-- STORED DATA follows --

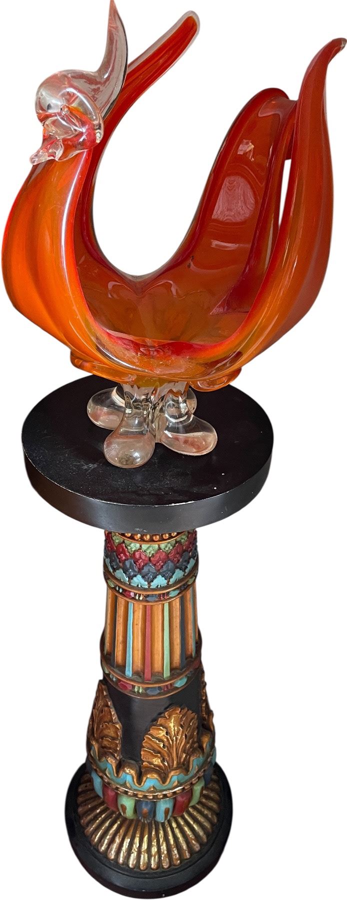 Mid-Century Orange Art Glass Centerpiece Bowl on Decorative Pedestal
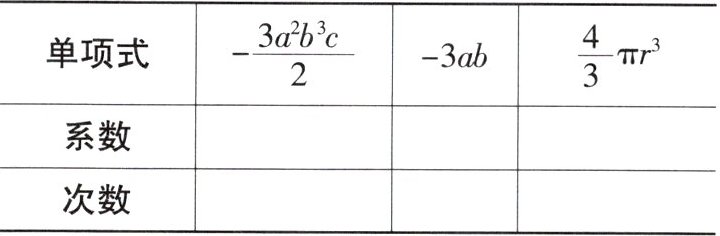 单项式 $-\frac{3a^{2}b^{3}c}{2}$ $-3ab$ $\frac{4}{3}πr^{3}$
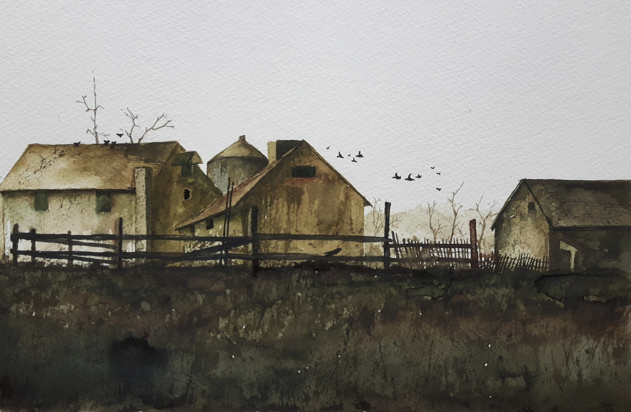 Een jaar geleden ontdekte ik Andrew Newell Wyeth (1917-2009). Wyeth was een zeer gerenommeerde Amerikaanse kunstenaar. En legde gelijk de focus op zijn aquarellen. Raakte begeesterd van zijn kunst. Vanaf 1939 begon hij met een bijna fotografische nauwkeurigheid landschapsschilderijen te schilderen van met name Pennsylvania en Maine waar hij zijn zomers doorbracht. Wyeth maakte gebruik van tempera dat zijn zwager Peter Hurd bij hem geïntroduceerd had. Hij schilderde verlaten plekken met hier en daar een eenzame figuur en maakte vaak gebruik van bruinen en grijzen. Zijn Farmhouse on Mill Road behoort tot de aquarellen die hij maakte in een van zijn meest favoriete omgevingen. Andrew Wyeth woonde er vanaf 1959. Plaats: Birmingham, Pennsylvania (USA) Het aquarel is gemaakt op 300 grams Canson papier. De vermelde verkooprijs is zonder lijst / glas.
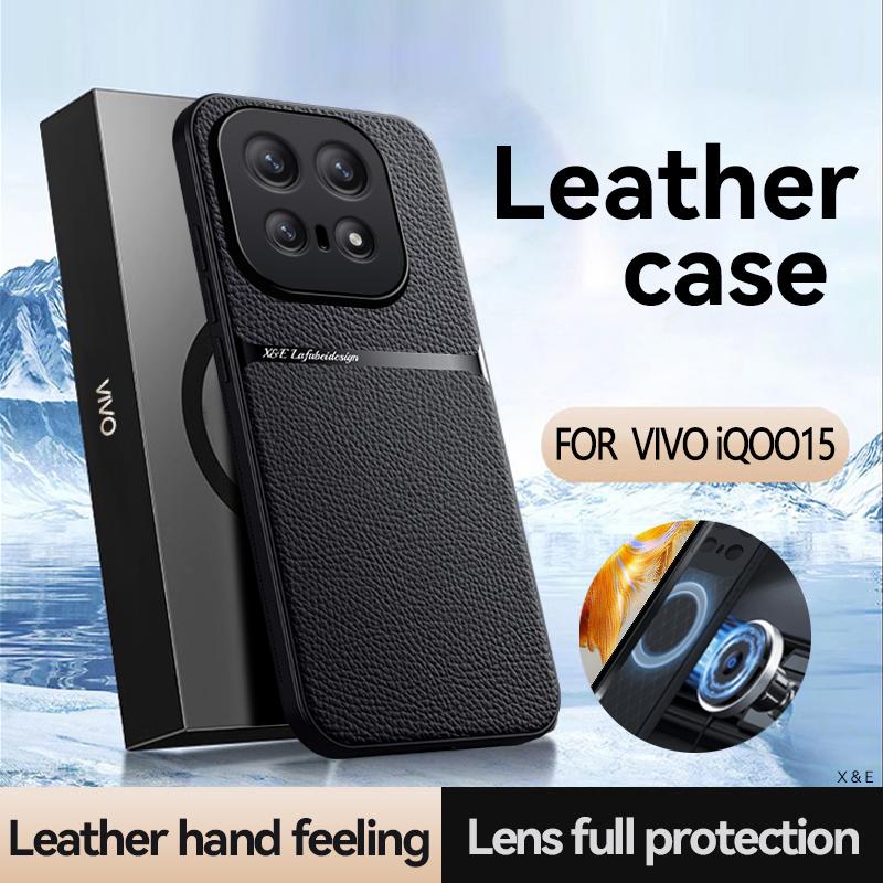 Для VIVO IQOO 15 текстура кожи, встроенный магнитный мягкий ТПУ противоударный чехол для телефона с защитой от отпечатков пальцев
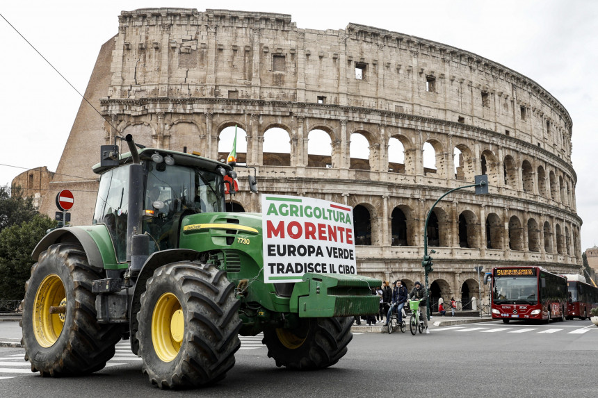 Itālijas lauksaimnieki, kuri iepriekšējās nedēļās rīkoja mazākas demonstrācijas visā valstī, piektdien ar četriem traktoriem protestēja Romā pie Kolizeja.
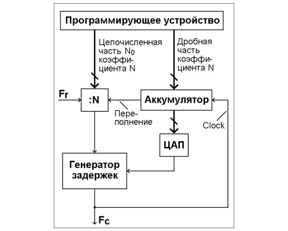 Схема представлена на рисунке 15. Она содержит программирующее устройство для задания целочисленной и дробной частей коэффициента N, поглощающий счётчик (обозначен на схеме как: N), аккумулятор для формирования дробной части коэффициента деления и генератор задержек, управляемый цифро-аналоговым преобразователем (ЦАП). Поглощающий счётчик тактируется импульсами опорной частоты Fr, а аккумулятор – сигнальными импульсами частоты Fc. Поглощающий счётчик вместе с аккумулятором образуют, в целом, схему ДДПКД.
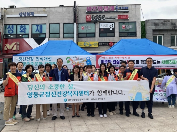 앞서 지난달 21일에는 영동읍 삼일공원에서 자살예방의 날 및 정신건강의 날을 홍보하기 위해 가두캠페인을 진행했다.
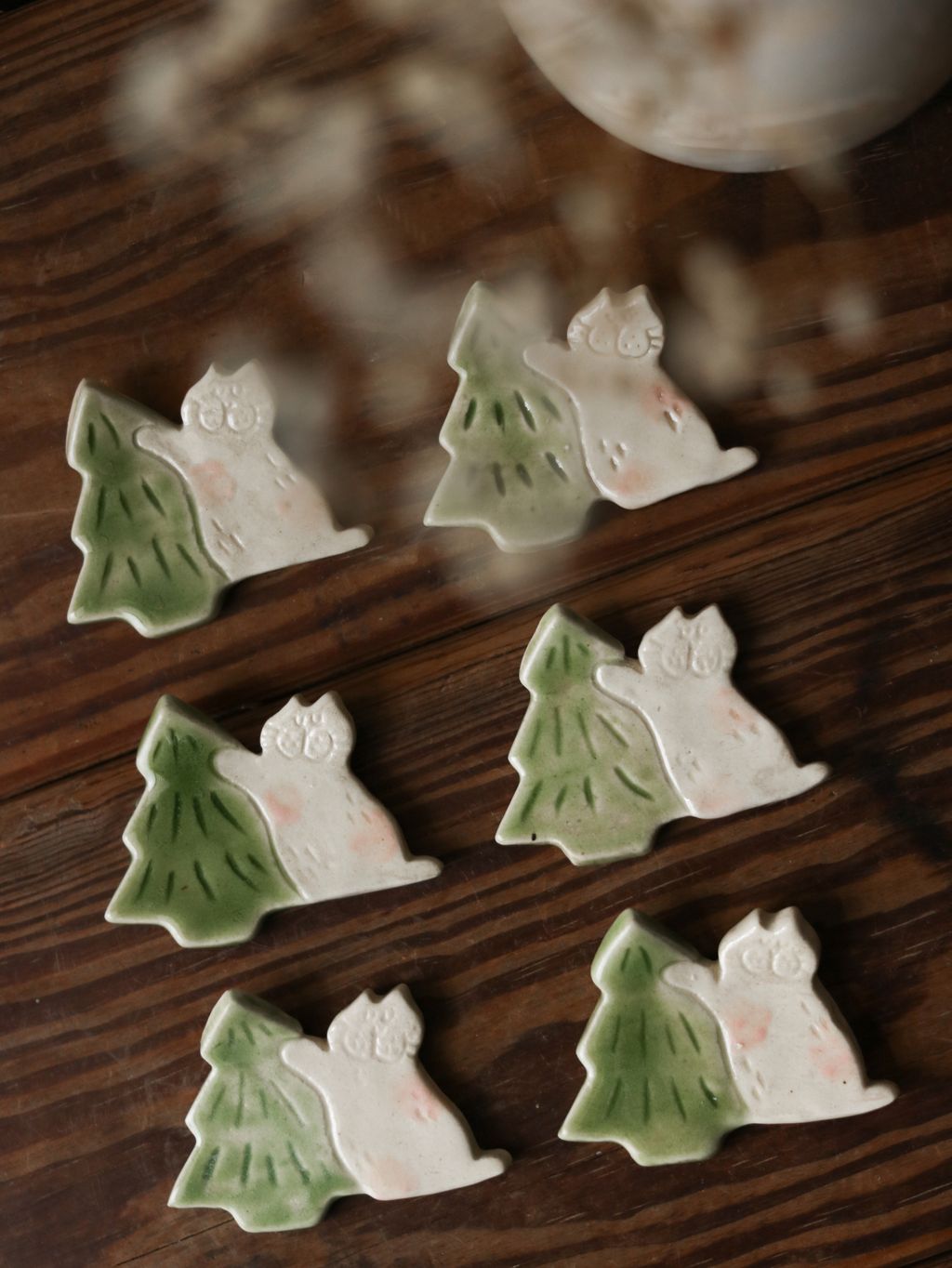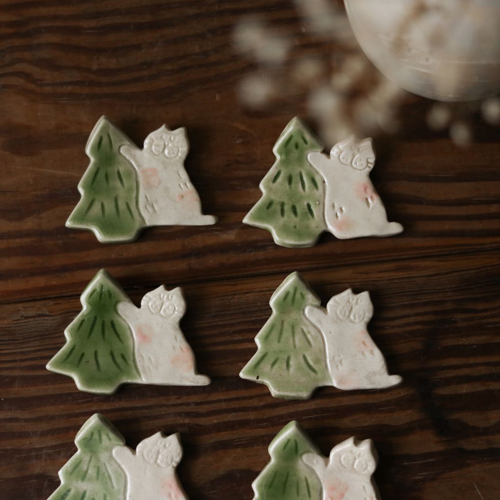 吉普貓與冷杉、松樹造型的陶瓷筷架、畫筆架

-- STORED DATA concluded --

WORK ITEM ->
Please set down the lines from the one with "Схема представлена на" to the end of the entries above, exactly as they are, and drop every picture.

RESPONSE FOR THIS EXERCISE ->
 Схема представлена на рисунке 15. Она содержит программирующее устройство для задания целочисленной и дробной частей коэффициента N, поглощающий счётчик (обозначен на схеме как: N), аккумулятор для формирования дробной части коэффициента деления и генератор задержек, управляемый цифро-аналоговым преобразователем (ЦАП). Поглощающий счётчик тактируется импульсами опорной частоты Fr, а аккумулятор – сигнальными импульсами частоты Fc. Поглощающий счётчик вместе с аккумулятором образуют, в целом, схему ДДПКД.
 앞서 지난달 21일에는 영동읍 삼일공원에서 자살예방의 날 및 정신건강의 날을 홍보하기 위해 가두캠페인을 진행했다.
 吉普貓與冷杉、松樹造型的陶瓷筷架、畫筆架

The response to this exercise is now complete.